Two other vulnerabilities in old versions of Bitcoin Core

Another vulnerability, this one of medium severity, affected the propagation of blocks in the Bitcoin chain. According to Bitcoin Core, before version 25.0 “a peer that sent mutated blocks could delete the download status of other peers that also announced the block to us, making it difficult for the block to propagate.” The Bitcoin node client claims that this vulnerability was fixed by ensuring that a participant can only affect its own block download stateand not the download status of other nodes. Mutated blocks are invalid blocks that contain altered information that does not correspond to the transactions contained therein.

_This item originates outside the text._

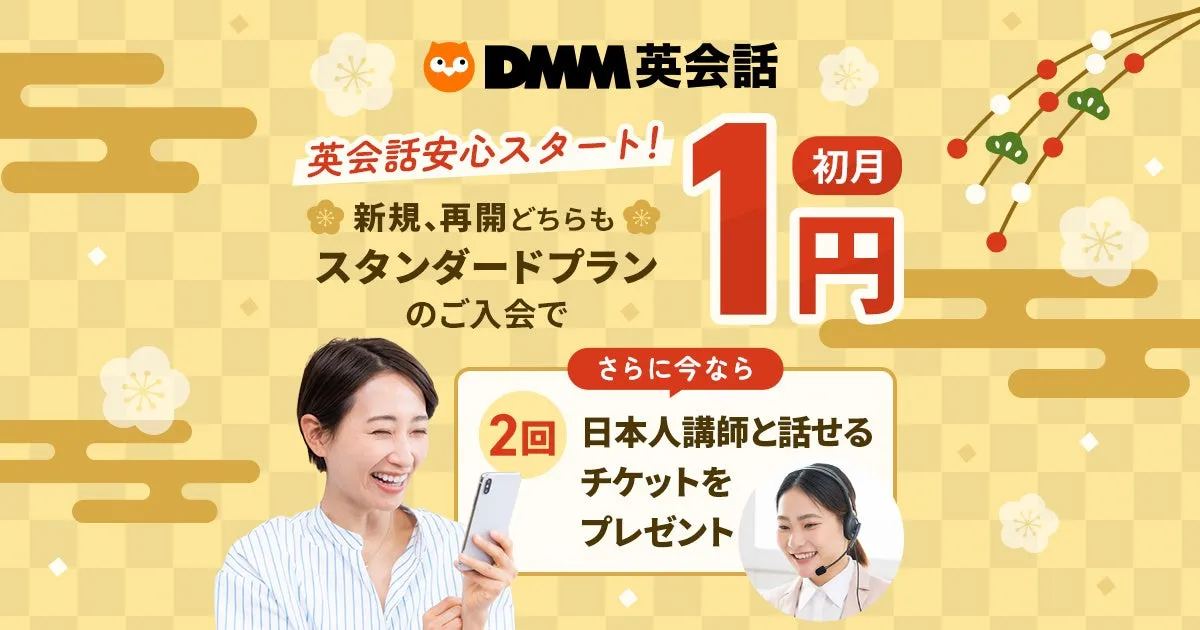 合同会社DMM.comが運営するオンライン英会話サービス「DMM英会話」は、2025年1月1日から1月20日の期間中に特別キャンペーンを実施します。新規または再入会でスタンダードプランの初月月額料金がなんとたったの1円になります。この期間中は、さらに日本人講師と話すためのチケットも2回分プレゼントされるため、英会話初心者にも絶好のスタートを切るチャンスです。

A third error, also of medium severity, produced a denial of service in the propagation of blocks in the chain. That is, an overload of inventory messages that grew too large. This caused (and still does in older versions of Bitcoin Core) an increase in the time needed to sort inventory messages that announce transactions to other nodes. This affected the ability of the involved nodes to communicate with their peers. Recently, Bitcoin Core updated its security advisory policy regarding vulnerabilities in Bitcoin. This difference between four types of vulnerabilities: low, medium, high and critical, that are revealed from two weeks to a year after they are found.

As BitcoinDynamic reported in this note, none of the three vulnerabilities presented have the maximum risk status.